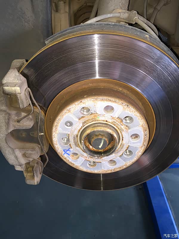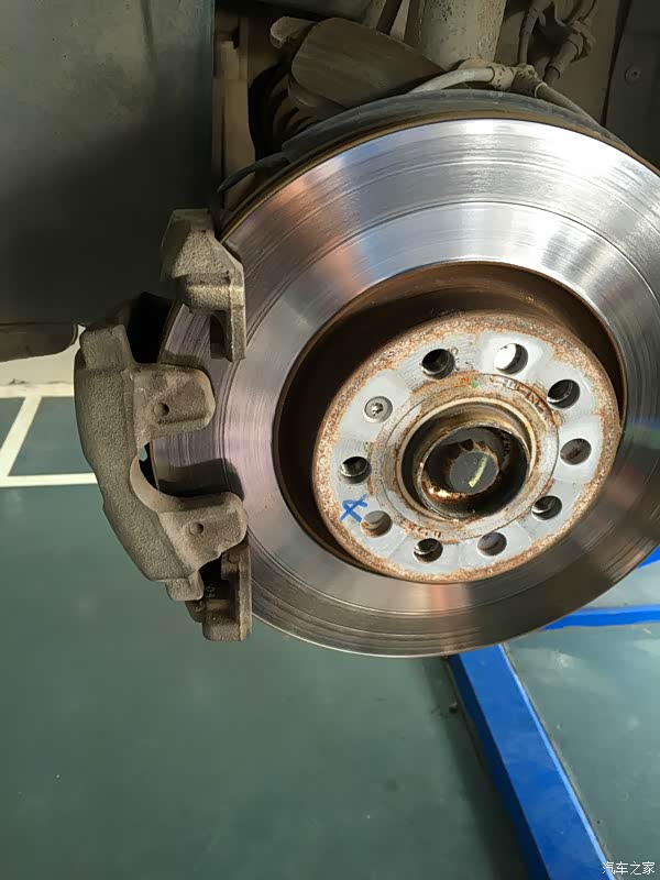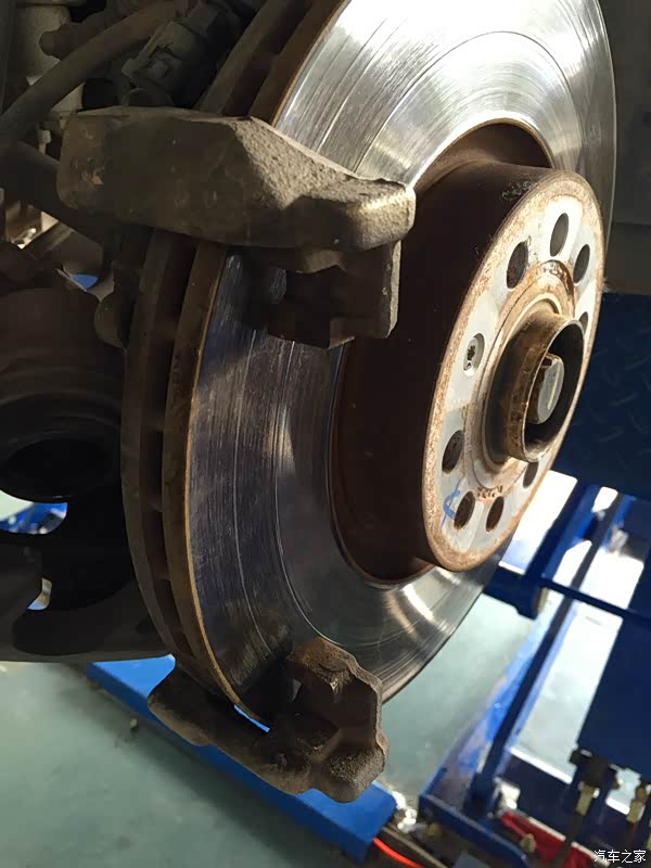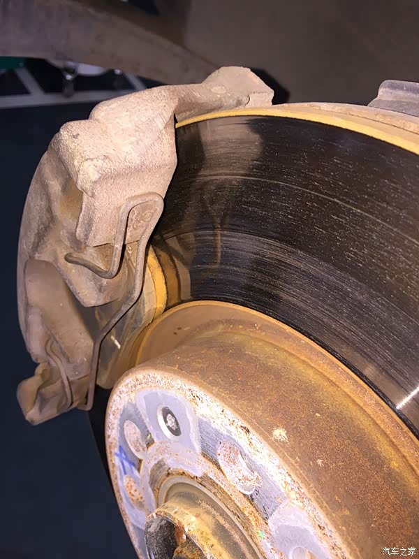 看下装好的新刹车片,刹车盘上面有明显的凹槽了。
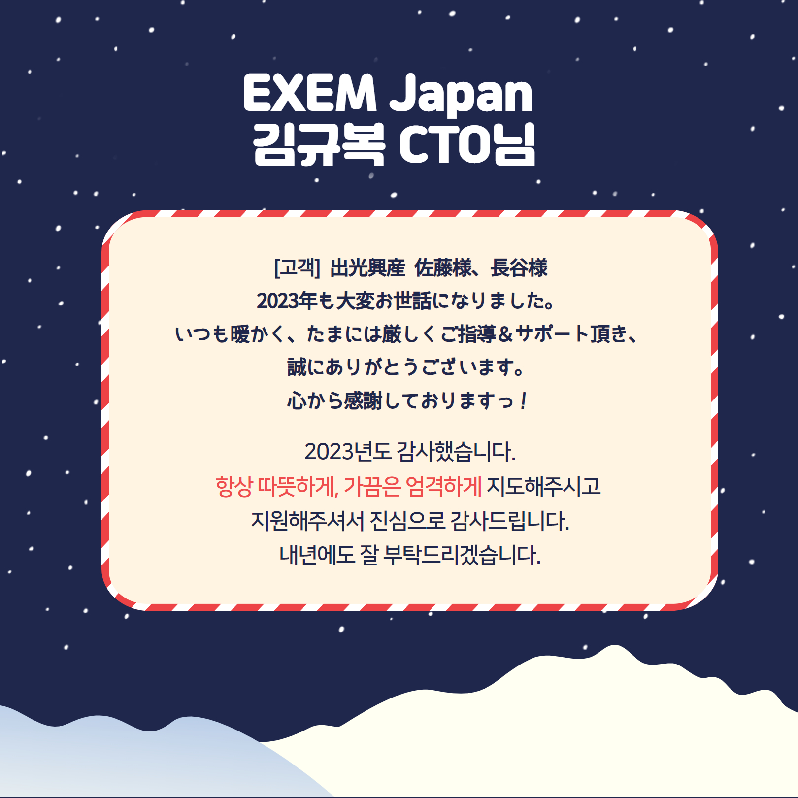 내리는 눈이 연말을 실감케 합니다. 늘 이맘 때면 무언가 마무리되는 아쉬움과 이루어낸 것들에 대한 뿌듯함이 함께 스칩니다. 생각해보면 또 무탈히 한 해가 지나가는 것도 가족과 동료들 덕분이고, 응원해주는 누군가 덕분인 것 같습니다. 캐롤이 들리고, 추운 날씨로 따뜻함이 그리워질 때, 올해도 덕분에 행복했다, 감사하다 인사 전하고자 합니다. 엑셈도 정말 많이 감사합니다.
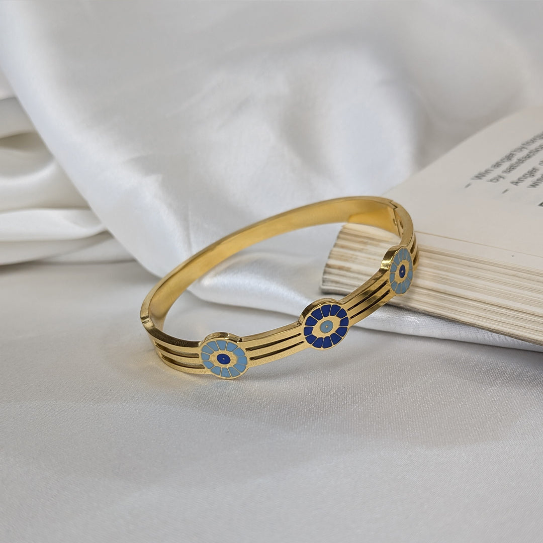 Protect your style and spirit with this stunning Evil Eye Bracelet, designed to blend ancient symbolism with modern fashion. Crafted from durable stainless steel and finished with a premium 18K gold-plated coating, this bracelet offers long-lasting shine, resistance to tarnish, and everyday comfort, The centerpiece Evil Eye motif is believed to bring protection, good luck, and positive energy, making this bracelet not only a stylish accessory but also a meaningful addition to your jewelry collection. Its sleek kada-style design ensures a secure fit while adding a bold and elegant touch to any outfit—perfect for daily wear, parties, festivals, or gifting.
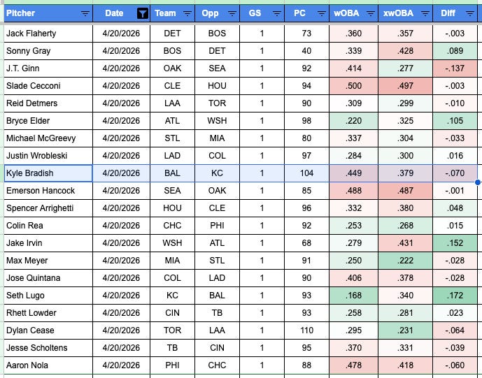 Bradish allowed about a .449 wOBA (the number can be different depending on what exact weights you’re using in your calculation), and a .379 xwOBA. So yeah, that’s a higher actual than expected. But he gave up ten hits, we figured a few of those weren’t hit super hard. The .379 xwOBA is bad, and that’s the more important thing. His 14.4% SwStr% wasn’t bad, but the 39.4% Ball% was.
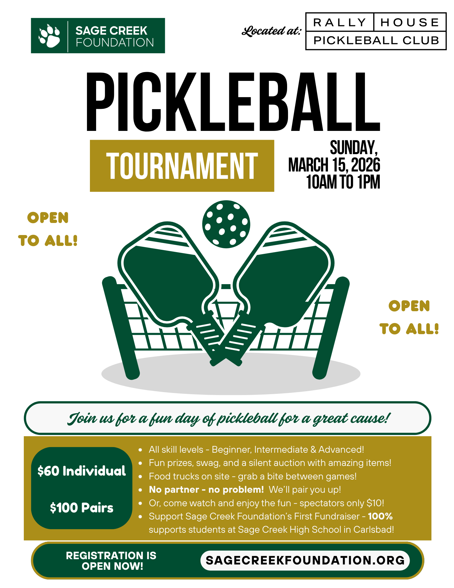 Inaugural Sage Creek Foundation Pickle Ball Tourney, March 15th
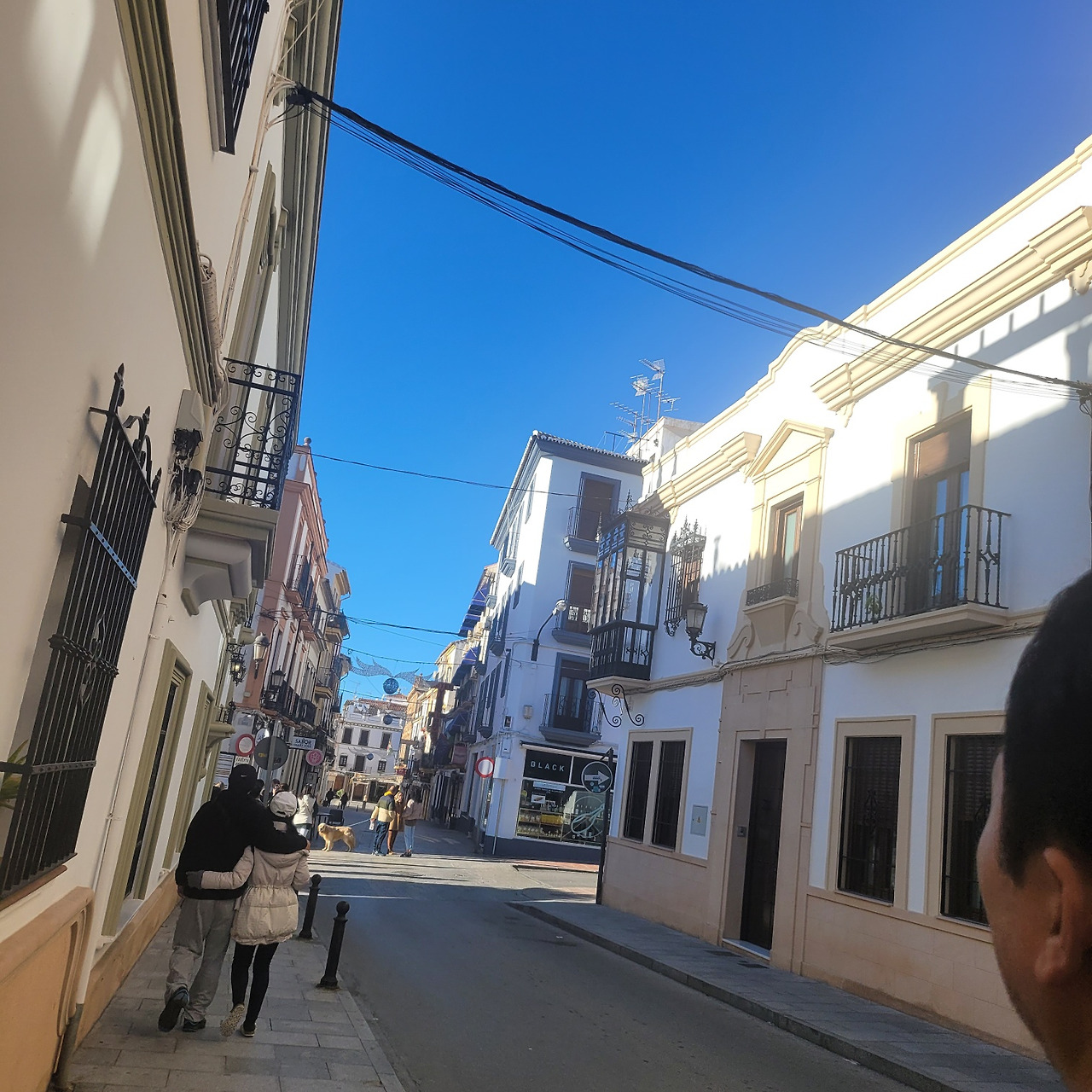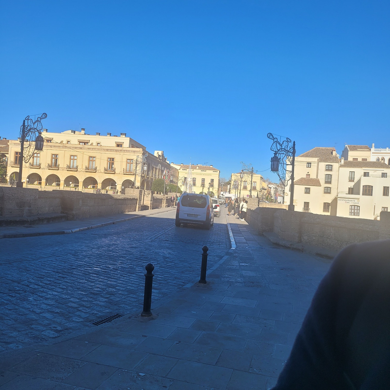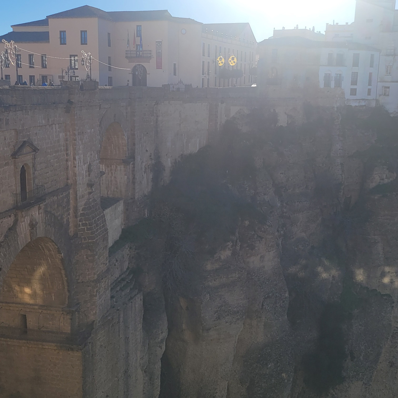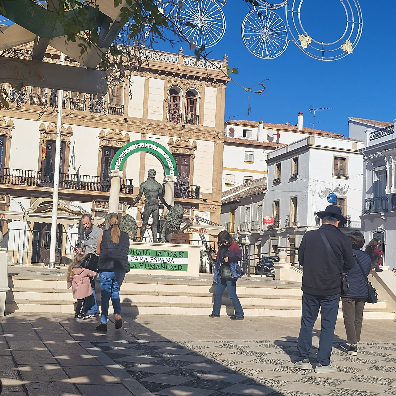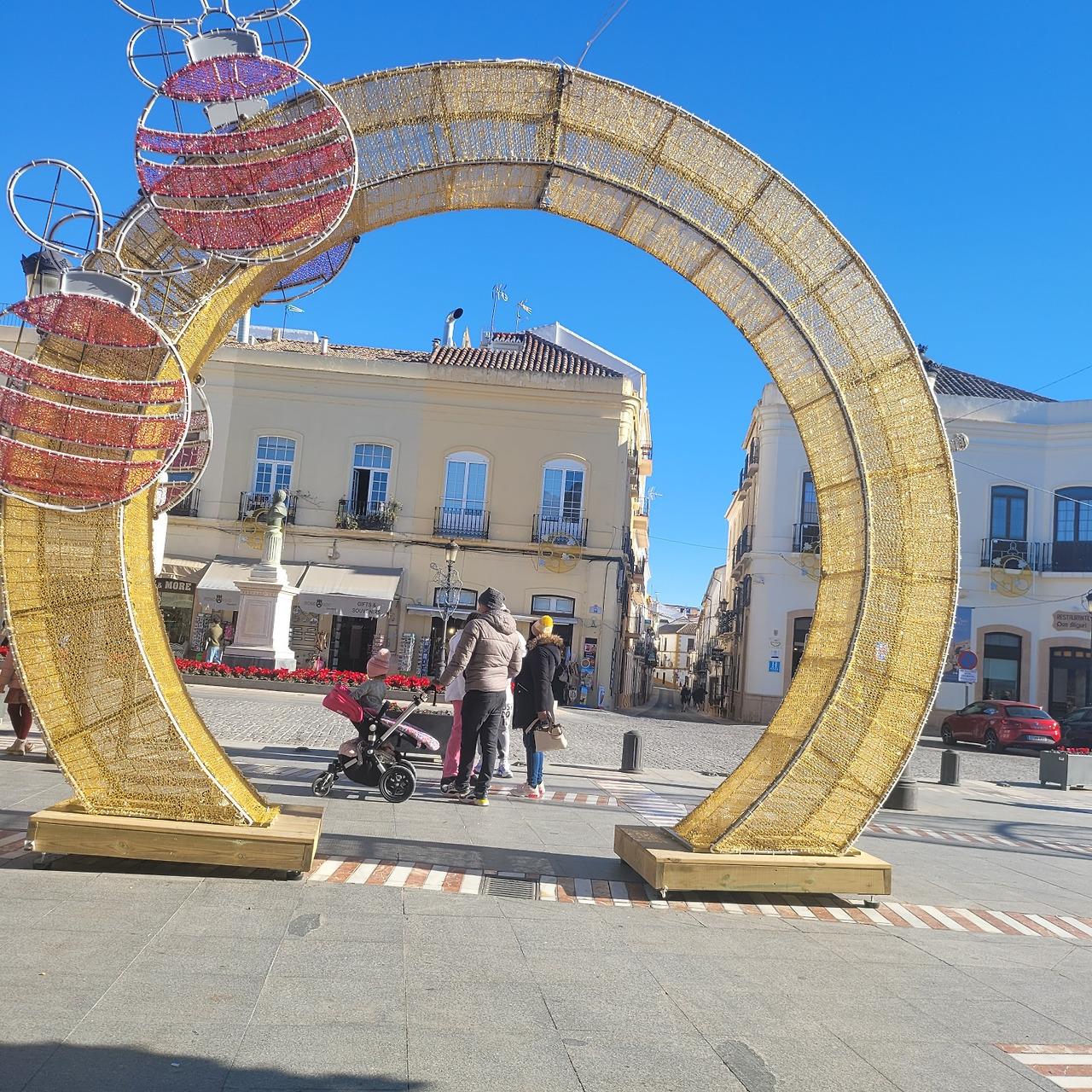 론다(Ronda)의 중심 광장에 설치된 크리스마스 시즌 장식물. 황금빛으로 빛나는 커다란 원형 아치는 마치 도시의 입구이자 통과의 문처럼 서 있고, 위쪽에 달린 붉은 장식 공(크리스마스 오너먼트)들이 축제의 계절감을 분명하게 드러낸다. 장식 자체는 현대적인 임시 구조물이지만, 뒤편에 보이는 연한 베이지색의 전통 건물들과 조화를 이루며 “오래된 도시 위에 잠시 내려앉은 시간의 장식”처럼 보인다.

:::

* Exercise directions *
Above are some entries; copy exactly the lines from the line with "내리는 눈이 연말을 실감케" through the line with "Protect your style", both included, but none of the pictures.

* Exercise solution *
 내리는 눈이 연말을 실감케 합니다. 늘 이맘 때면 무언가 마무리되는 아쉬움과 이루어낸 것들에 대한 뿌듯함이 함께 스칩니다. 생각해보면 또 무탈히 한 해가 지나가는 것도 가족과 동료들 덕분이고, 응원해주는 누군가 덕분인 것 같습니다. 캐롤이 들리고, 추운 날씨로 따뜻함이 그리워질 때, 올해도 덕분에 행복했다, 감사하다 인사 전하고자 합니다. 엑셈도 정말 많이 감사합니다.
 Protect your style and spirit with this stunning Evil Eye Bracelet, designed to blend ancient symbolism with modern fashion. Crafted from durable stainless steel and finished with a premium 18K gold-plated coating, this bracelet offers long-lasting shine, resistance to tarnish, and everyday comfort, The centerpiece Evil Eye motif is believed to bring protection, good luck, and positive energy, making this bracelet not only a stylish accessory but also a meaningful addition to your jewelry collection. Its sleek kada-style design ensures a secure fit while adding a bold and elegant touch to any outfit—perfect for daily wear, parties, festivals, or gifting.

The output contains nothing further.